Hacker News new | ask | show | jobs
by fzliu 1349 days ago
Hashes are fine, but to say that "vectors are over" is just plain nonsense. We continue to see vectors as a core part of production systems for entity representation and recommendation (example: https://slack.engineering/recommend-api) and within models themselves (example: multimodal and diffusion models). For folks into metrics, we're building a vector database specifically for storing, indexing, and searching across massive quantities of vectors (https://github.com/milvus-io/milvus), and we've seen close to exponential growth in terms of total downloads.
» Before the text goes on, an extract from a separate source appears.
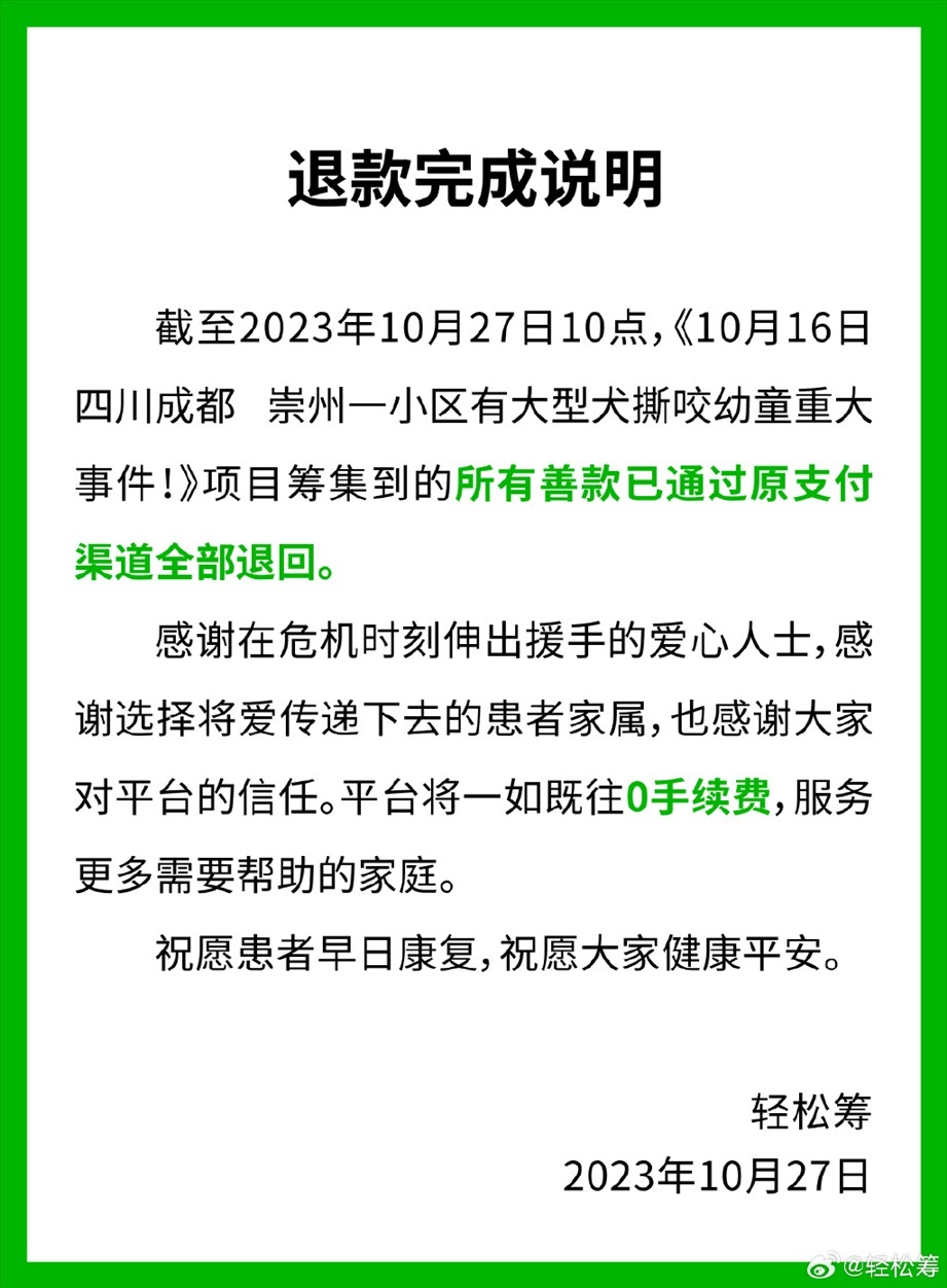 ·輕松籌平臺稱為被狗咬女童籌集的所有善款已全部退回。

Vectors are just getting started.

5 comments

True. The title is just clickbait and what we find inside is suggestions for dimensionality reduction by a person who appears to be on the verge of reinventing autoencoders disguised as neural hashes. Is it a mere coincidence that the article fails to mention autoencoders?
Click-bait title aside : ^ ), I'd agree. Neural hashes seem to be a promising advancement imo, but I question its impact on the convergence time of AI models. In the pecking order of neural network bottlenecks, I'd imagine it's not terribly expensive to access training data from some database. Rather, hardware considerations for improving parallelism seem to be the biggest hurdle [1].

[1] - https://www.nvidia.com/en-us/data-center/nvlink/

Yes this is funny to read when (a) embeddings are such a huge leap in reusable machine learning investment and (b) almost nobody is using them yet. On the other hand, neural hashes do look similar to the density tree analysis that is the first step in many of our applications of language embeddings. It makes sense to me that some of this might be incorporated into vector dbs in the near future. Do you have plans to?
Frequently people use vectors as a hash. It's a bit like a fashionista declaring clothes obsolete.
For searching on faces I also needed to find vectors in a database.

I used random projection hashing to increase the search speed because you can just match directly (or at least narrow down search) instead of calculating the euclidean distance for each row.